About the job
About Us
At Abacus Insights, we are revolutionizing the use of data for health plans. Our mission is straightforward: to make healthcare data actionable, enabling those who make care and cost decisions to act swiftly and with confidence.
We assist health plans in dismantling data silos to establish a unified, reliable data foundation. This foundation facilitates enhanced decision-making—allowing plans to improve outcomes, minimize waste, and provide superior experiences for both members and providers.
Supported by $100 million from leading investors, we are addressing significant challenges in an industry primed for transformation. Our platform enables GenAI applications by delivering clean, interconnected, and dependable healthcare data that supports automation, prioritization, and decision-making workflows—and this is why we are at the forefront of the industry.

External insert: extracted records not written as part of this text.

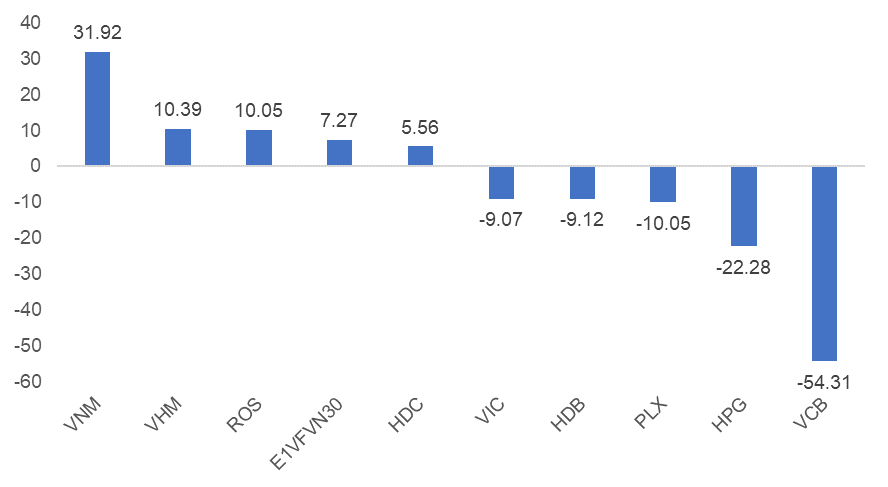 Khối ngoại quay trở lại bán ròng hơn 74 tỷ trên cả ba sàn. Trong đó, khối ngoại quay sang bán ròng ở VCB và HPG.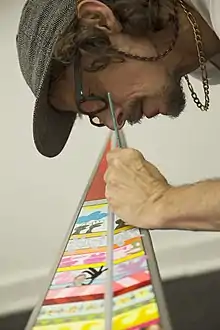 Erik Parker is known for his precisely brightly colored, layered and highly saturated canvases. Parker's work depicts unique, fantastical scenes of biomorphic subjects and landscapes. Parker methodically paints each composition creating an intense visual experience.[4] His work maintains a premeditated sense of order while at the same time his composition is composed of bold and fragmented forms.[5] Parker employs many styles in his work, from graffiti to psychedelic album covers and cartoons.[6] Drawing from elements of American subculture, Parker creates color infused paintings that illustrate his take on the pressing issues of our time.[7]
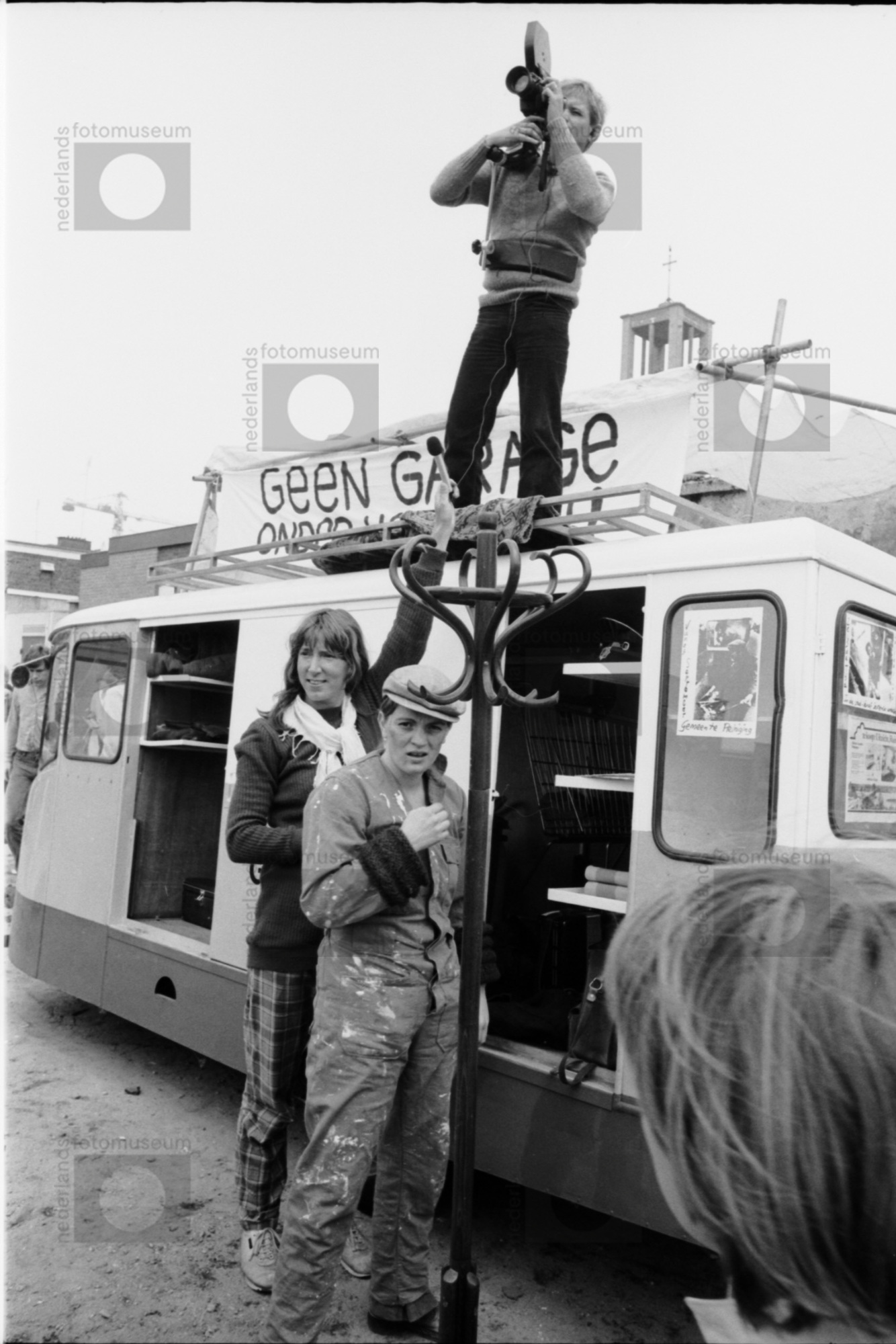 film camera man met geluidsvrouw bij protest tegen g...
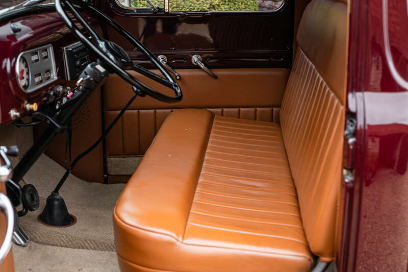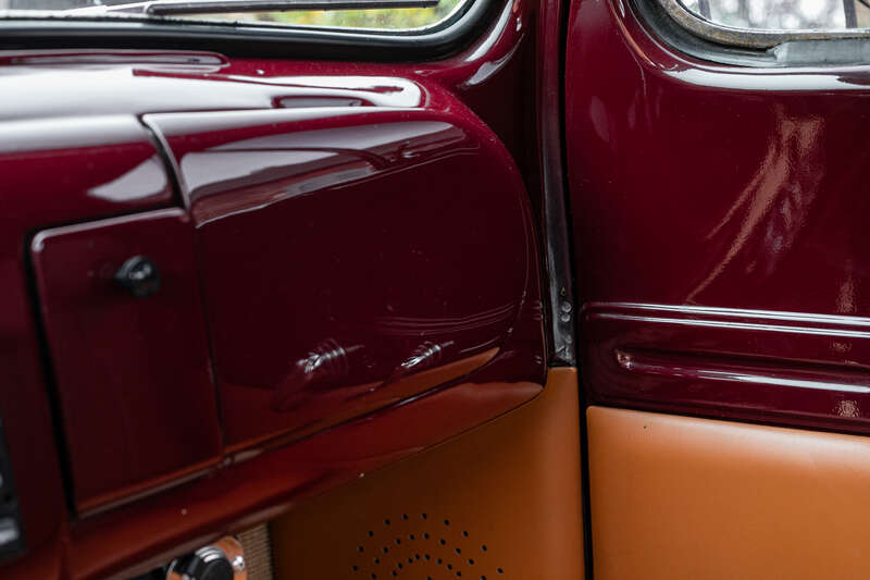 This classic car, imported to the UK in 2019, features a period-correct 3,900cc Flat Head V8 engine and a beautifully presented deep burgundy exterior with a tan interior.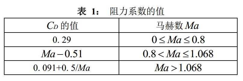 通過查閱相關參數(shù)數(shù)據(jù)得到衛(wèi)星質(zhì)量m=13200kg, 并假設衛(wèi)星受阻面積為16m2, 對地軌道速度為7800 m/s, 即Ma= 22.9. 從表 1中我們可以得到相應的CD=0.11283. 從ρ(h)函數(shù)關系可以解出如下表所示的在一些特定高度的大氣密度估計值.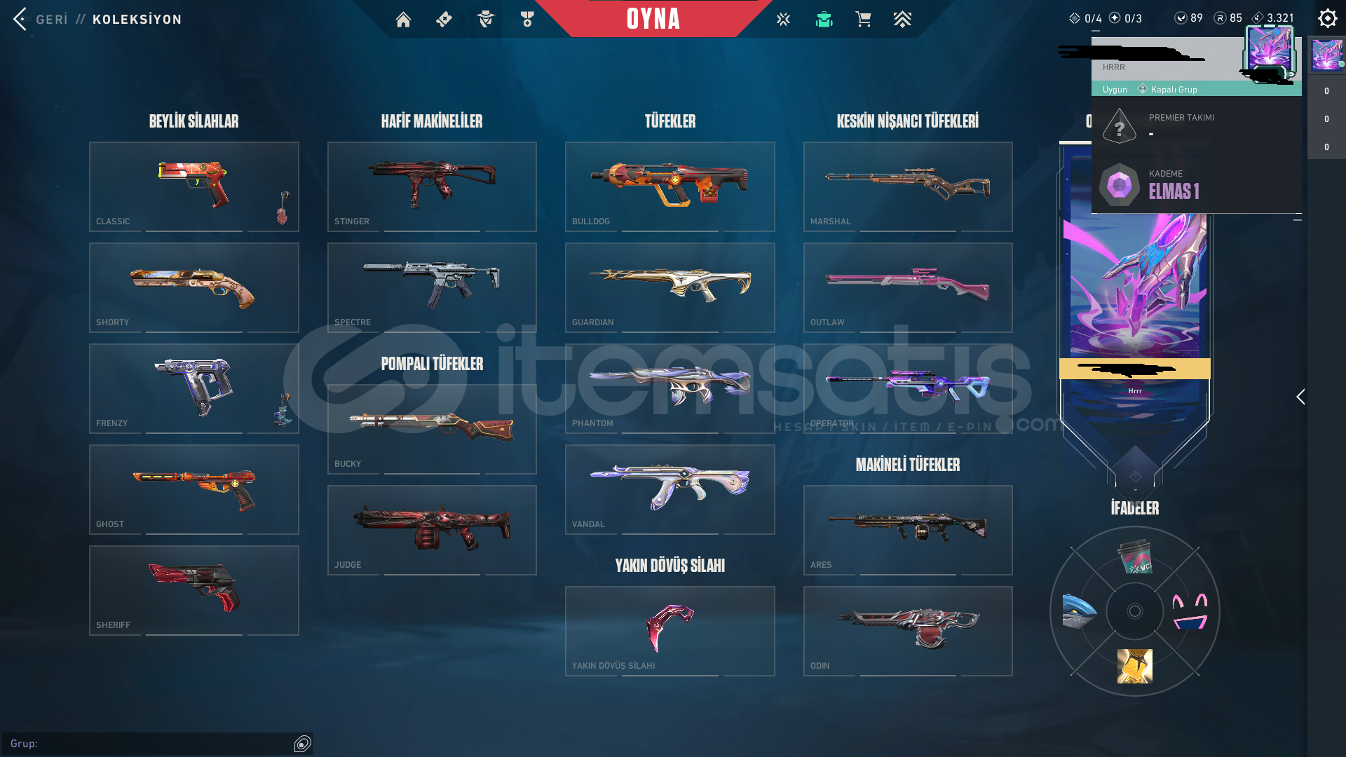 TOTAL 110.000 VP HARCANMIŞPeak Rank: DIAMOND 2Bıçak : Storm Maw Axe, Arcane Gauntlets, Power Fist, VCT 2025 Karambit, Black.Market Butterfly Knife, Reaver KnifeVandal : Reaver Vandal, Araxys Vandal, RGX 11z Pro Vandal, Ion Vandal, Origin Vandal, Forsaken Vandal, Sentinels of Light Vandal, Prime Vandal, Luxe Vandal, Arcane Vandal, Aemondir Vandal, Storm Maw Vandal, Evori Dreamwings VandalPhantom : BlastX Phantom, Mystbloom Phantom, Prime//2.0 Phantom, Radiant Entertainment System...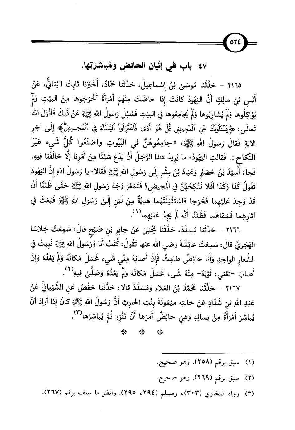 2165 - حَدَّثَنا مُوسَى بْنُ إِسْماعِيلَ، حَدَّثَنا حَمَّادٌ، أَخْبَرَنَا ثابِتٌ البُنَانيُّ، عَنْ أَنَسِ بْنِ مالِكٍ أَنَّ اليَهُودَ كَانَتْ إِذَا حَاضَتْ مِنْهُمُ امْرَأَةٌ أَخْرَجُوها مِنَ البيْتِ وَلَمْ يُؤاكِلُوها وَلَمْ يُشَارِبُوها وَلَمْ يُجَامِعُوها في البيْتِ فَسُئِلَ رَسُولُ اللهِ - صلى الله عليه وسلم - عَنْ ذَلِكَ فَأَنْزَلَ اللهُ تَعالَى: {وَيَسْأَلُونَكَ عَنِ الْمَحِيضِ قُلْ هُوَ أَذًى فَاعْتَزِلُوا النِّسَاءَ فِي الْمَحِيضِ} إِلَى آخِرِ الآيَةِ فَقَالَ رَسُولُ اللهِ - صلى الله عليه وسلم -: "جامِعُوهُنَّ في البُيُوتِ واصْنَعُوا كُلَّ شَيءٍ غيْرَ النِّكَاحِ". فَقالَتِ اليَهُودُ: ما يُرِيدُ هذا الرَّجُلُ أَنْ يَدَعَ شيْئًا مِنْ أَمْرِنا إِلَّا خَالَفَنا فِيهِ. فَجاءَ أُسيْدُ بْنُ حُضَيْرٍ وَعَبَّادُ بْنُ بِشْرٍ إِلَى رَسُولِ اللهِ - صلى الله عليه وسلم - فَقَالا: يا رَسُولَ اللهِ إِنَّ اليَهُودَ تَقُولُ كَذا وَكَذا أَفَلا نَنْكِحُهُنَّ في المَحِيضِ؟ فَتَمَعَّرَ وَجْهُ رَسُولِ اللهِ - صلى الله عليه وسلم - حَتَّى ظَنَنَّا أَنْ قَدْ وَجِدَ عَليْهِما فَخَرَجا فاسْتَقْبَلَتْهُما هَدِيَّةٌ مِنْ لَبَنٍ إِلَى رَسُولِ اللهِ - صلى الله عليه وسلم - فَبَعَثَ في آثارِهِما فَسَقافما فَظَنَنّا أَنَّهُ لَمْ يَجِدْ عَليْهِمَا (¬1).

Innovation begins with our people. We are daring, inquisitive, and collaborative—believing that the best ideas emerge from teamwork. Are you ready to make a difference? Join us as we shape the future together.
About the Role
We are in search of an experienced Data Engineer to become a part of our dynamic and rapidly growing Tech Ops division. With significant anticipated growth, this is a chance to create substantial technological impact. In this role, you will collaborate closely with customers, data vendors, and internal engineering teams to design, implement, and enhance intricate data integration solutions within a modern, large-scale cloud environment.
You will utilize advanced expertise in distributed computing, data architecture, and cloud-native engineering to establish scalable, resilient, and high-performance data ingestion and transformation pipelines. Acting as a trusted technical advisor, you will assist customers in adopting Abacus’s core data management platform and ensure high-quality, compliant data operations throughout the lifecycle.
Your Day-to-Day Responsibilities
- Architect, design, and implement high-volume batch and real-time data pipelines utilizing PySpark, SparkSQL, Databricks Workflows, and distributed processing frameworks.
- Create end-to-end ingestion frameworks that integrate with Databricks, Snowflake, AWS services (S3, SQS, Lambda), and vendor data APIs, ensuring data quality, lineage, and schema evolution.
- Develop data modeling frameworks, including star and snowflake schemas to support analytics and reporting needs.